Мы оставили английского посла в тот момент, когда он покидал лагерь. Он продвигался к Мешхеду небольшими переходами, как бы желая облегчить шаху возможность вернуть его, но в действительности ожидая от своего правительства новых распоряжений, которые он хотел получить недалеко от лагеря. По-видимому, он получил их в Мешхеде, так как именно отсюда он отправил подполковника Стоддарта на этот раз уже не с предложениями, а с приказами. Добившись аудиенции у шаха и вручив ему ноту посланника, г-н Стоддарт заявил сначала устно, а затем, по просьбе шаха, письменно, что он уполномочен посланником ее величества королевы Великобритании предупредить его величество шаха о следующем: «лондонский кабинет рассматривает поход против афганцев, осуществляемый в настоящее время шахом, как враждебный акт в отношении Британской Индии; что, следовательно, дружеские отношения, так счастливо существовавшие до сих пор между Англией и Персией, временно прерваны; что Великобритания должна будет принять меры, которые она сочтет необходимыми, дабы гарантировать безопасность владений британской короны; что, следовательно, [153] вышеупомянутый полномочный посланник надеется, что его величество, заключив справедливое соглашение с афганцами и вернув без промедления шахскую армию на персидскую территорию, избегнет риска, который существует в этой обстановке враждебности по отношению к Англии». Г-н Стоддарт добавил, что он считает своим долгом информировать его величество, что отряд [полк] английских войск и эскадра из пяти военных кораблей прибыли в Персидский залив и что на о-ве Карек уже высадились войска. Наконец, добавил английский посланный, меры, которые предпримет его величество после этого заявления, и та компенсация, на которой продолжает настаивать британское правительство за насилие, учиненное над курьером (что, впрочем, является предметом, совершенно не относящимся к вопросу о Герате), — эти меры определят последующие действия этих войск.

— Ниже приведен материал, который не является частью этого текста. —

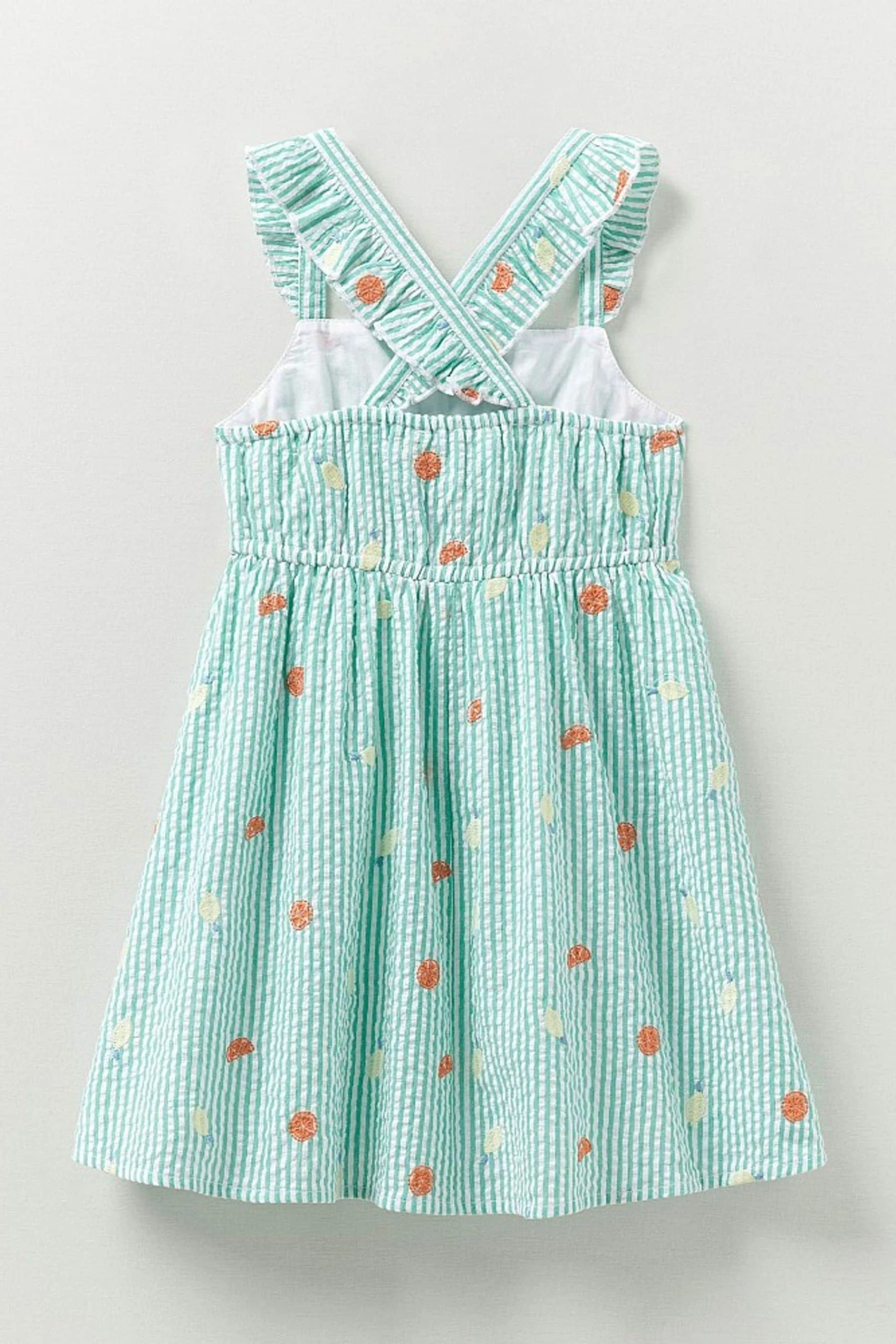A green and white striped dress. Crafted in seersucker and dotted with fruity embroidery, this is the perfect summer dress. The frilly cross-over sleeves add that extra touch.. 100% cotton. Embroidery thread: 100% polyester. Machine wash.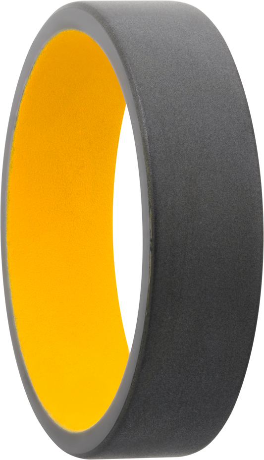 Regular price $501.00Regular priceUnit price / perSale price $501.00Zirconium 6mm flat band with slightly rounded edges and a Dewalt Yellow Cerakote sleeve -

Нет необходимости комментировать этот случай; он напоминает времена Борджиа, расторгавших договоры, когда это было им выгодно. Они внезапно нападали на народ, другом которого они только что себя называли и нисколько не беспокоились о ранах, наносимых чести этого народа.

Как бы то ни было, обстоятельства складывались так, что шах был вынужден смириться. Застигнутый врасплох, он, без сомнения, должен был подумать о делах наследования, и, прежде чем подчиниться унизительным требованиям Англии, не следовало ли ему прислушаться к благородным побуждениям своей совести? [154]

ГЛАВА XII

(Глава не имеет названия. — Ред.)

Брат шаха Феридун-мирза был правителем Фарса. Наставником обоих братьев — и Феридун-мирзы и шаха — был Хаджи; из числа других братьев любимым учеником старого учителя был Феридун-мирза, не считая, конечно, коронованного ученика. Шах, напротив, не доверял ему. Его высокомерный тон и непоследовательность поступков часто служили поводом для доносов, порождавших подозрительность в душе его величества. Кроме того, шаху было известно, что в Багдаде проживали три его кузена, один из которых — сын Хосейна Али-мирзы — управлял Бендер-Буширом и что все трое были на содержании Англии. Наконец, из 5 или 6 его дядей, укрывшихся за границей самыми деятельными и самыми непримиримыми его врагами считались Зелле-солтан и родные братья — Али-Наки и Имамверды-мирза. Всем им удалось бежать из Ардебиля и обрести безопасность на русской территории.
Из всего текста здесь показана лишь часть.